I’ve mentioned before that just about every morning, the little singing birds will go deathly silent, and you can hear a hawk calling from a treetop. In my case, it has to be either a red-shouldered hawk or a Cooper’s hawk. The problem is, they don’t sound quite right. I’ve listened to their calls on Cornell’s website, and my “hawk” doesn’t sound remotely like either of them. That’s because it isn’t a hawk, it’s an eagle.
And how do I know this? TV. (See, TV is good for something after all.) Last weekend I watched an episode of “Human Planet” on The Discovery Channel. This particular episode was about the Inuit. (Each episode is about how humans survive the most inhospitable places on Earth.) And this episode is not about “assimilated” Inuit, but about those who still live and hunt in a traditional way. A lot of the program focused on diet, and was fairly repellent to those of us with urbanized sensitivities. Their diet is all meat, and it’s raw. This of course makes perfect sense. Wood for a cooking fire, and fruits and vegetables, are non-existent in the Arctic.
But one of the things they do is train eagles for hunting. Who ever knew you could train an eagle? So there was a scene where an eagle is sitting on a guy’s arm, and it’s calling. It was like instant recognition. THAT is the sound I’ve been hearing. A hawk’s cry is very harsh and rough. This was more like a chirping sound, more melodic.
I’ve known there are eagles in my neighborhood, but I’ve always totally dismissed them as the source of the sound. For one thing, I’ve never known eagles to sit in trees and wait for prey. From what I always understood and have seen, they fly amazingly high, get a panoramic view, and zero in on a target with uncanny accuracy from what seems like an impossible height. But on the other hand, they do nest in trees. There probably isn’t an eagle Rule that says, “Thou art permitted to sleep in a tree, but shalt not catch dinner from there.” Also, eagles mostly seem to like small furry creatures, like rabbits and squirrels, rather than birds, and the main attraction in my back yard is the birdfeeder. However, there is no shortage of rabbits and squirrels either.

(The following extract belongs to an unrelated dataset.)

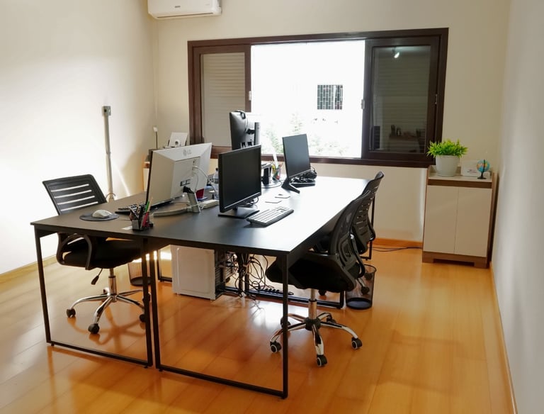 Estações de trabalho flexíveis projetadas para maximizar seu foco e facilitar seu trabalho através de mesas compartilhadas
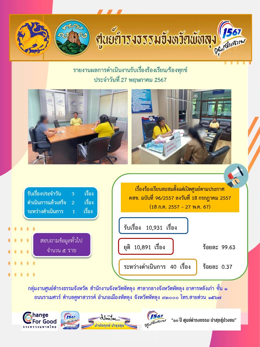 สถิติรับเรื่องร้องเรียน/ร้องทุกข์ วันที่ 27 พฤษภาคม 2567

So there is no doubt in my mind that it’s an eagle. I have yet to be able to spot it, but I know it’s there. Like I say about National Geographic and the Discovery Channel…Day One: Go Eagle! Get that rabbit! Day Two: Run, little rabbit, run!
While I may not have gotten it until now, the birds, the squirrels, and probably the rabbits certainly did. Although I doubt they care what species it is–to them, it’s all death from the sky.